(EXTRACTED RECORDS Opens)

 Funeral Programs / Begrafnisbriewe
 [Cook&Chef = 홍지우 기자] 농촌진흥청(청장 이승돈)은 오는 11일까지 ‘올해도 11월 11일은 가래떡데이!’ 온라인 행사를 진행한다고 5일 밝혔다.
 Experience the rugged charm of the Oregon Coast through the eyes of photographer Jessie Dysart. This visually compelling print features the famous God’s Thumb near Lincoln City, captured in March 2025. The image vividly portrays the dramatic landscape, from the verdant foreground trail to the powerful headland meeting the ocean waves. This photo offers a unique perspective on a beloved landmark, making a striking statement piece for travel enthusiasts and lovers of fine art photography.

(EXTRACTED RECORDS Closes)
(EXTRACTED RECORDS Opens)

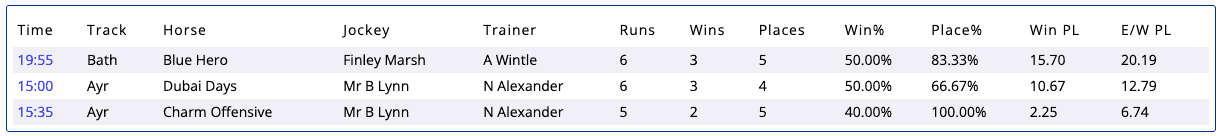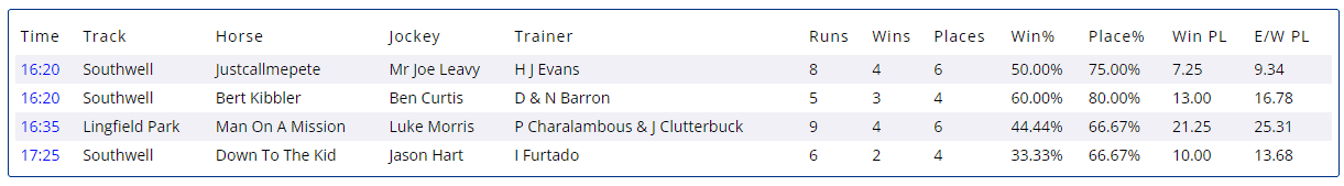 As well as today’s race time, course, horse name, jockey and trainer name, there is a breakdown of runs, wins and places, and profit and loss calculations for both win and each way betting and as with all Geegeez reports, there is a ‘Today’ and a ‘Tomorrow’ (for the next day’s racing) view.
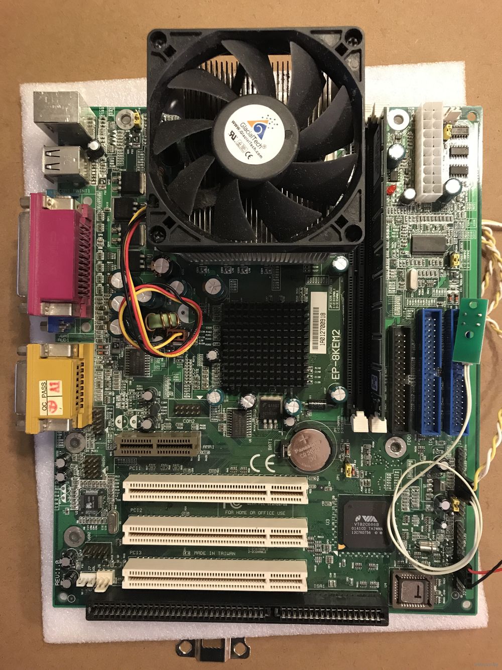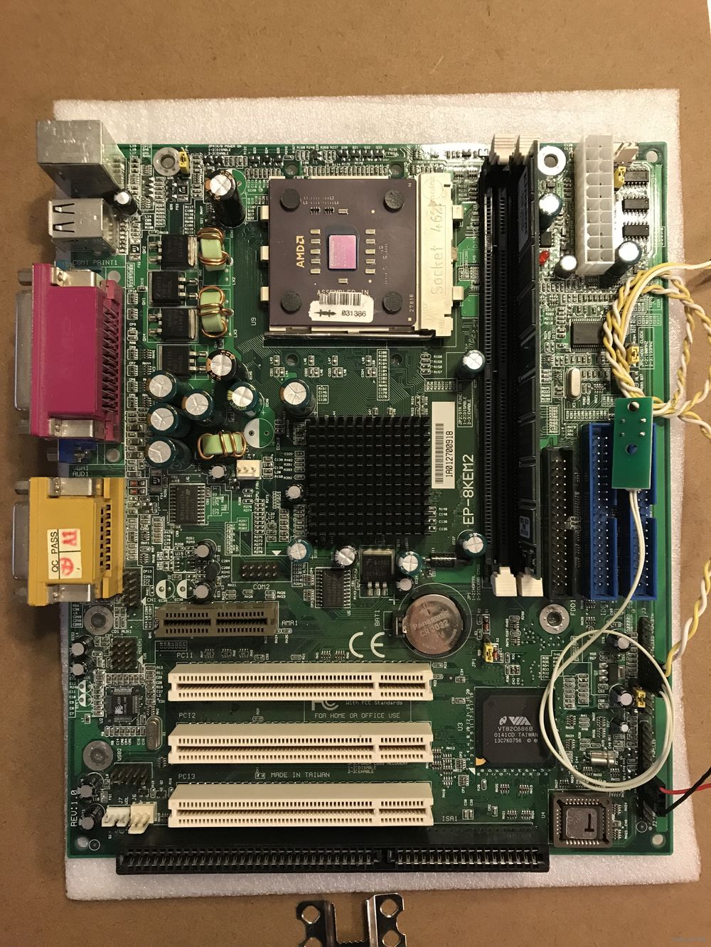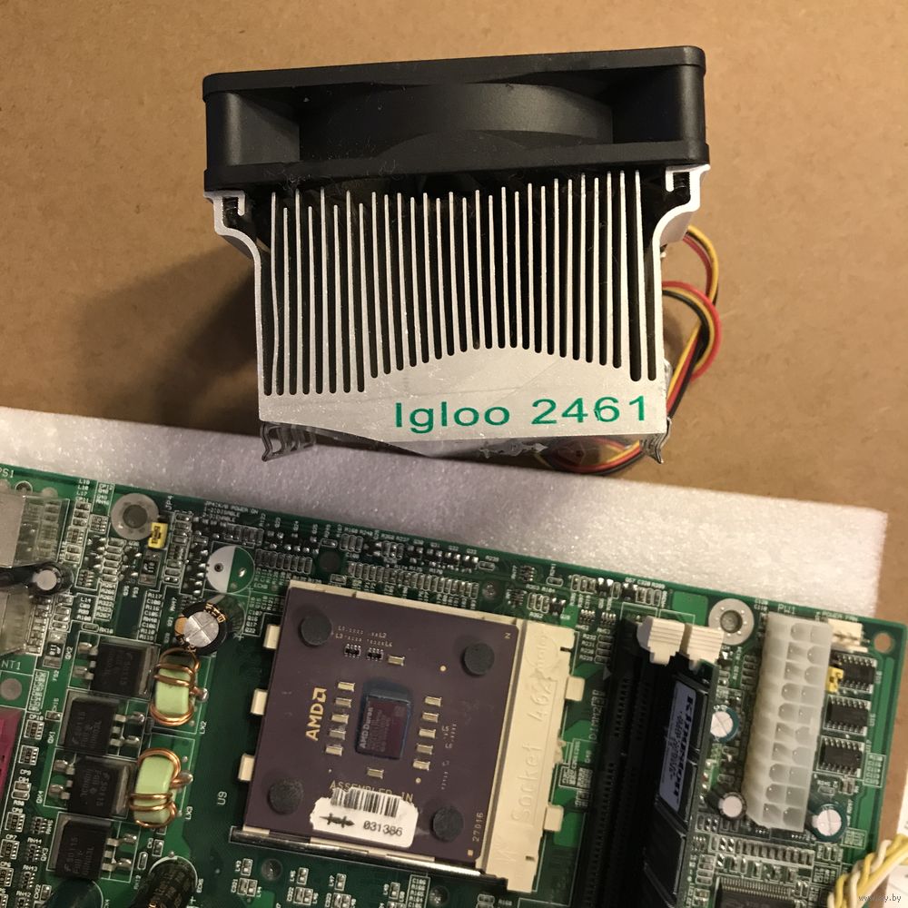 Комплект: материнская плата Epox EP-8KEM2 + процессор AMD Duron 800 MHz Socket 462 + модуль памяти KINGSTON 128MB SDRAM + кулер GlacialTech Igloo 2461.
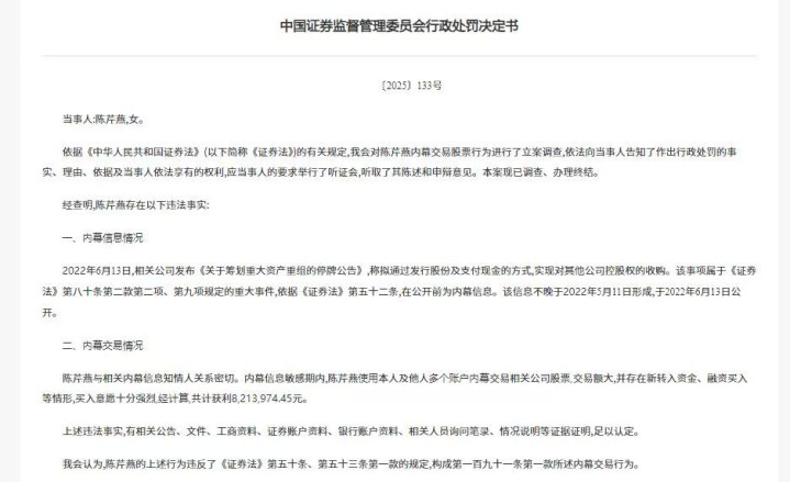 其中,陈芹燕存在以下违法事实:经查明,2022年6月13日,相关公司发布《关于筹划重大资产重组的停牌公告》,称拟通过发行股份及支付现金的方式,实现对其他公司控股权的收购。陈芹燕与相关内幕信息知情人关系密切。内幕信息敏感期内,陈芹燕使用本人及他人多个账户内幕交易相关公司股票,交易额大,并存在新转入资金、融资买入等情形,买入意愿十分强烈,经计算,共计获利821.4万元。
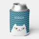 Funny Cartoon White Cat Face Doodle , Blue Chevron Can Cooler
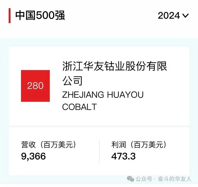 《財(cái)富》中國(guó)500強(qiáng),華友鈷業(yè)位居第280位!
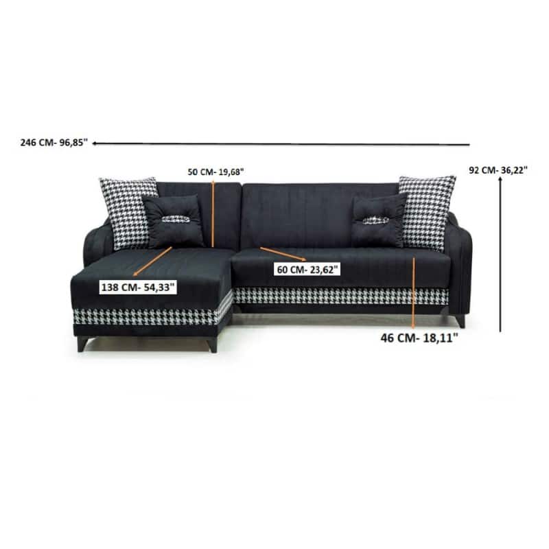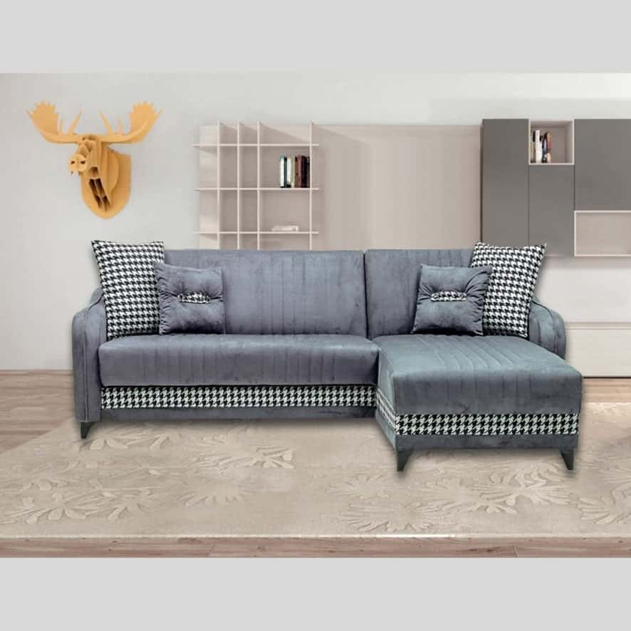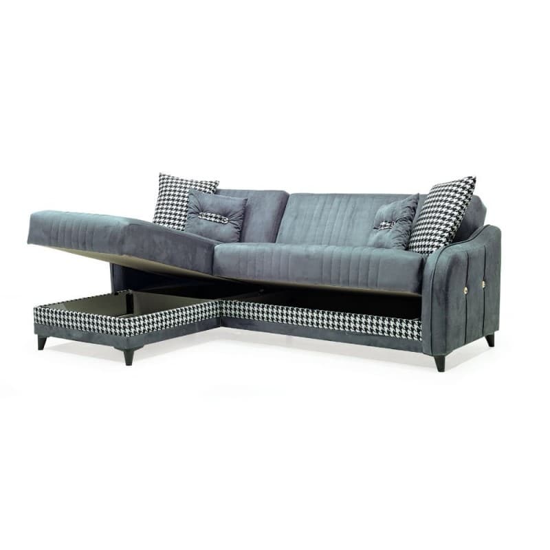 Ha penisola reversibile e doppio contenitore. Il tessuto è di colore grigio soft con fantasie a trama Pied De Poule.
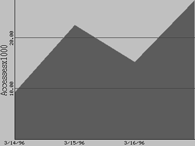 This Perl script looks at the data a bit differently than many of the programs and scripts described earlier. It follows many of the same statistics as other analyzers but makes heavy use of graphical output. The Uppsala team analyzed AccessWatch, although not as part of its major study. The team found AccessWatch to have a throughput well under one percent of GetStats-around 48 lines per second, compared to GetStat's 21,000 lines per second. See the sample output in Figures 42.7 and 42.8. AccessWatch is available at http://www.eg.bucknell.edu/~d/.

(EXTRACTED RECORDS Closes)

WORK TO BE COMPLETED -> Within the material above, the line with "[Cook&Chef = 홍지우" opens the range and the line with "Experience the rugged" closes it; reproduce that range word for word.

EXERCISE ANSWER ->
 [Cook&Chef = 홍지우 기자] 농촌진흥청(청장 이승돈)은 오는 11일까지 ‘올해도 11월 11일은 가래떡데이!’ 온라인 행사를 진행한다고 5일 밝혔다.
 Experience the rugged charm of the Oregon Coast through the eyes of photographer Jessie Dysart. This visually compelling print features the famous God’s Thumb near Lincoln City, captured in March 2025. The image vividly portrays the dramatic landscape, from the verdant foreground trail to the powerful headland meeting the ocean waves. This photo offers a unique perspective on a beloved landmark, making a striking statement piece for travel enthusiasts and lovers of fine art photography.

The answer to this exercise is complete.